Records>
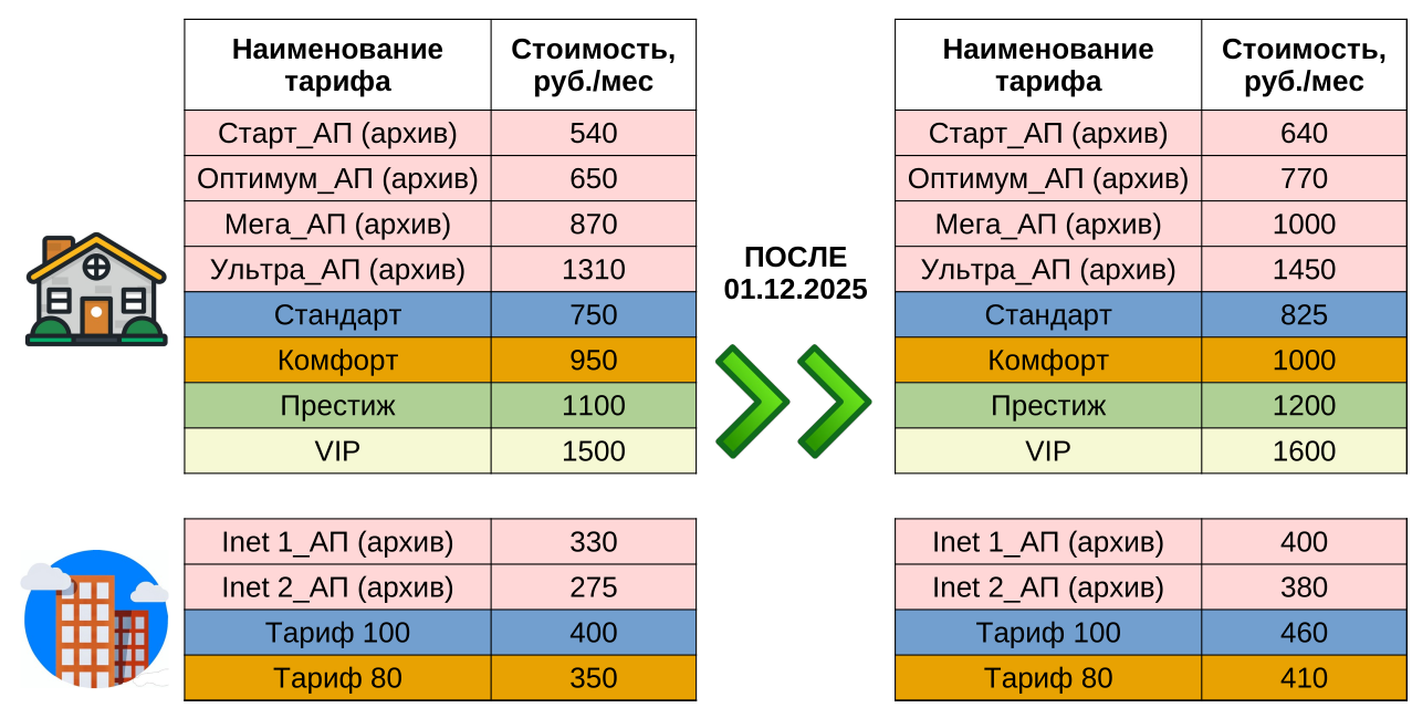 Изменения цен на услуги доступа в сеть Интернет начинают действовать с 01 декабря 2025 года.
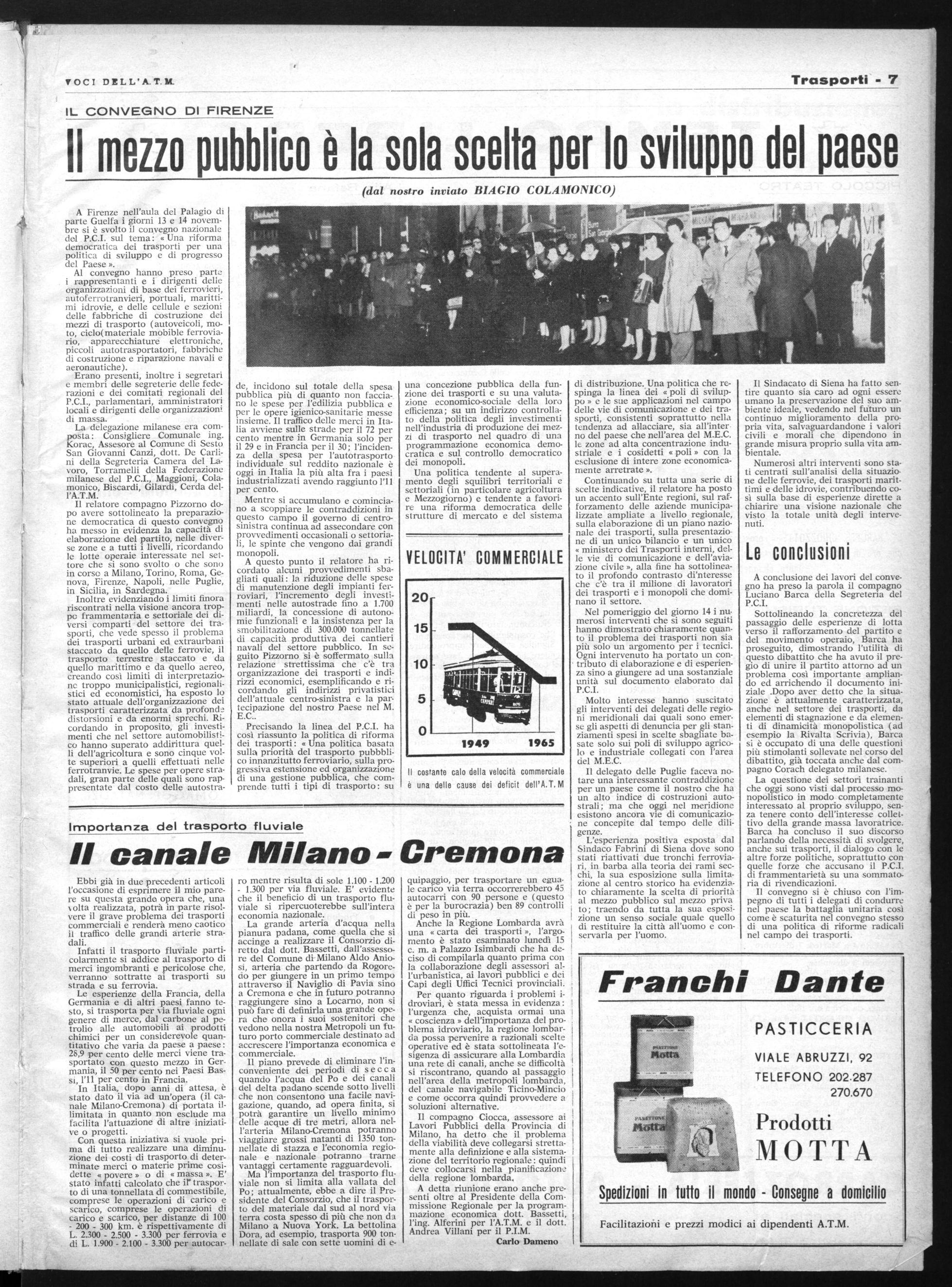 Il compagno Ciocca, assessore ai Lavori Pubblici della Provincia di Milano, ha detto che il problema della viabilità deve collegarsi strettamente alla definizione e alla sistemazione del territorio regionale : quindi deve collocarsi nella pianificazione della regione lombarda, A detta riunione erano anche presenti oltre al Presidente della Commissione Regionale per la programmazione economica dott. Bassetti, l'ing. Alferini per l'A.T.M. e il dott. Andrea Villani per il P.I.M. Carlo Dameno
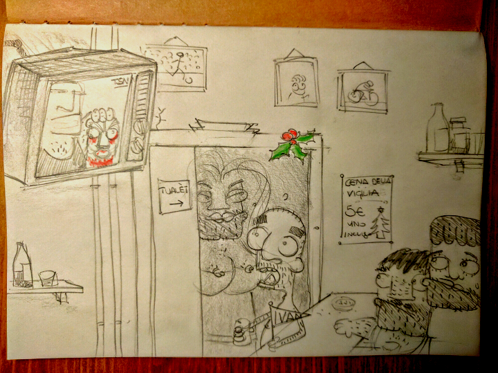 il Baffo intento a organizzare la cena della Vigilia riciclando gli avanzi di qualche giorno prima e
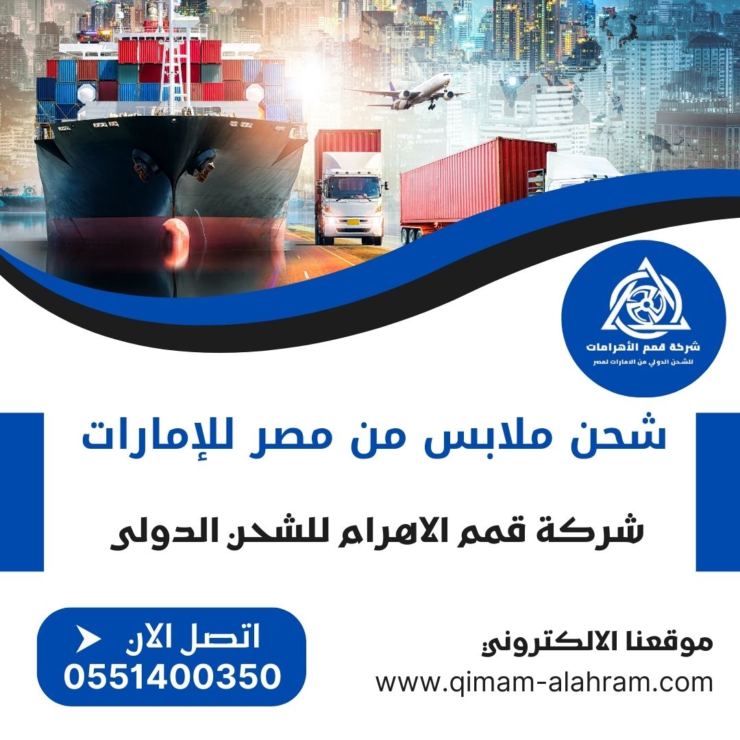 شحن ملابس من مصر للامارات اتصل الان 0551400350 | لا شك أن عملية شحن ملابس من مصر للامارات تتطلب ترتيبات لوجستية خاصة لضمان وصولها بحالة ممتازة. في الواقع، يعتبر الشحن الدولي للأغراض الشخصية، وخاصة الملابس، من أكثر الخدمات طلباً. لهذا السبب، تقدم لكم شركة قمم الاهرامات للشحن الدولى حلولاً متكاملة تشمل كل من شحن جوي شحن بحري شحن بري ونشحن جميع أنواع الشحنات. بالإضافة إلى ذلك، سنقدم لك في هذه المقالة كل ما تحتاجه لتبدأ عملية الشحن بثقة.
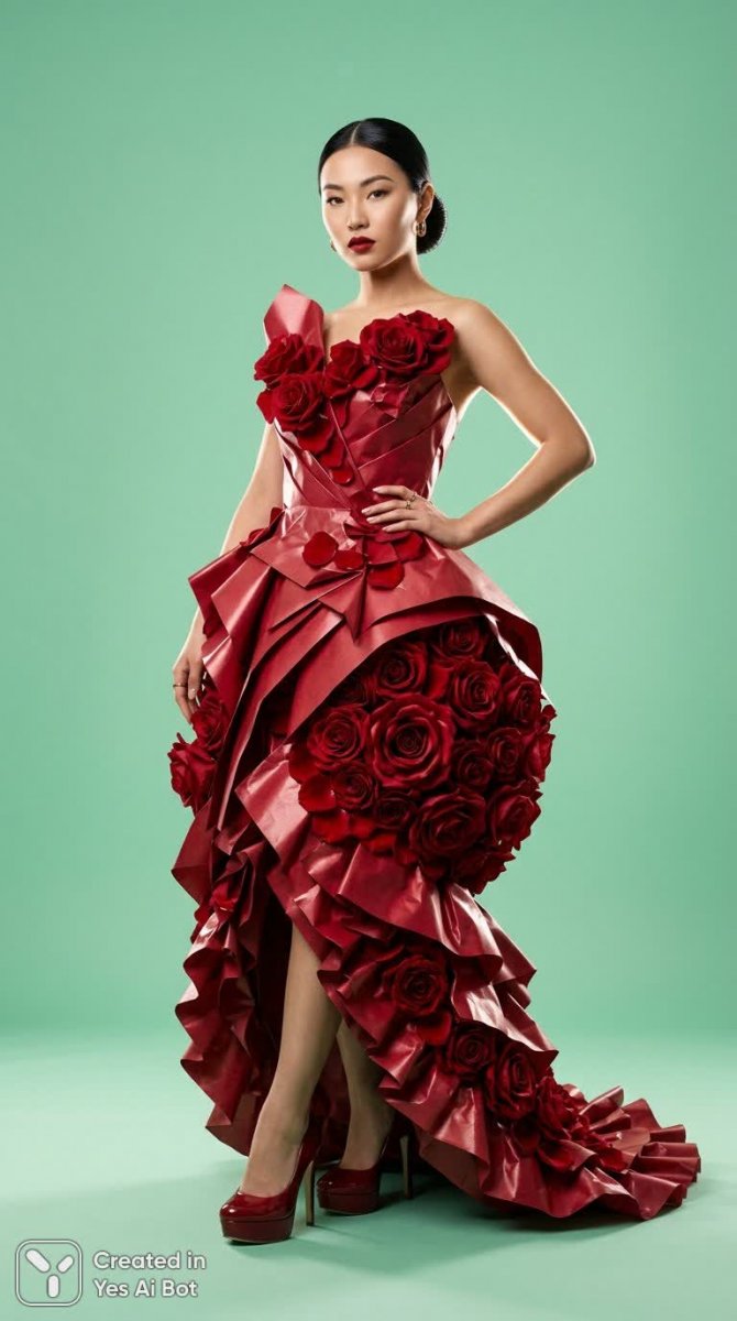 young woman east asian, dark brown eyes, jet black hair in sleek low bun, wearing dress made of glossy crimson wrapping paper and deep red roses, high heel and platform shoes in matching deep red, pure background color mint green, dramatic rim lighting, editorial fashion pose with one hand on hip, matte red lipstick, textured paper folds and realistic petal detail, studio photography, high resolution, high fashion.
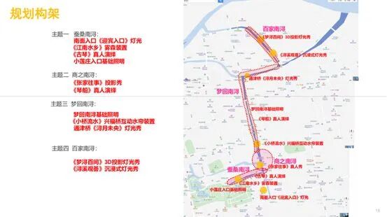 《江南浔梦》为五个部分:“桑蚕南浔、商之南浔、民国南浔、梦回南浔、百家南浔”,共有“农桑水乡、张家往事、小桥流水、浔月未央、浔溪观荟、浔梦百间、鱼水泡影”七个节点。在做到完全保护景区的原始人文景观前提下进行规划,总游线约2公里,游览时长1.5小时-2小时,打造出“动静结合、虚实结合、情景结合”的行浸式光影交互多维度体验。这样的一场互动多媒体行浸式夜游,有特定的人文景观作为载体,有其特殊的地域性和文化独特性。打破时间特性,打破空间限制,打破思想维度,多方位让游客“进入南浔、感受南浔、了解南浔”。

What to work on>
Where an entry contains an image, skip the image; repeat everything else exactly.

Answer space>
 Изменения цен на услуги доступа в сеть Интернет начинают действовать с 01 декабря 2025 года.
 Il compagno Ciocca, assessore ai Lavori Pubblici della Provincia di Milano, ha detto che il problema della viabilità deve collegarsi strettamente alla definizione e alla sistemazione del territorio regionale : quindi deve collocarsi nella pianificazione della regione lombarda, A detta riunione erano anche presenti oltre al Presidente della Commissione Regionale per la programmazione economica dott. Bassetti, l'ing. Alferini per l'A.T.M. e il dott. Andrea Villani per il P.I.M. Carlo Dameno
 il Baffo intento a organizzare la cena della Vigilia riciclando gli avanzi di qualche giorno prima e
 شحن ملابس من مصر للامارات اتصل الان 0551400350 | لا شك أن عملية شحن ملابس من مصر للامارات تتطلب ترتيبات لوجستية خاصة لضمان وصولها بحالة ممتازة. في الواقع، يعتبر الشحن الدولي للأغراض الشخصية، وخاصة الملابس، من أكثر الخدمات طلباً. لهذا السبب، تقدم لكم شركة قمم الاهرامات للشحن الدولى حلولاً متكاملة تشمل كل من شحن جوي شحن بحري شحن بري ونشحن جميع أنواع الشحنات. بالإضافة إلى ذلك، سنقدم لك في هذه المقالة كل ما تحتاجه لتبدأ عملية الشحن بثقة.
 young woman east asian, dark brown eyes, jet black hair in sleek low bun, wearing dress made of glossy crimson wrapping paper and deep red roses, high heel and platform shoes in matching deep red, pure background color mint green, dramatic rim lighting, editorial fashion pose with one hand on hip, matte red lipstick, textured paper folds and realistic petal detail, studio photography, high resolution, high fashion.
 《江南浔梦》为五个部分:“桑蚕南浔、商之南浔、民国南浔、梦回南浔、百家南浔”,共有“农桑水乡、张家往事、小桥流水、浔月未央、浔溪观荟、浔梦百间、鱼水泡影”七个节点。在做到完全保护景区的原始人文景观前提下进行规划,总游线约2公里,游览时长1.5小时-2小时,打造出“动静结合、虚实结合、情景结合”的行浸式光影交互多维度体验。这样的一场互动多媒体行浸式夜游,有特定的人文景观作为载体,有其特殊的地域性和文化独特性。打破时间特性,打破空间限制,打破思想维度,多方位让游客“进入南浔、感受南浔、了解南浔”。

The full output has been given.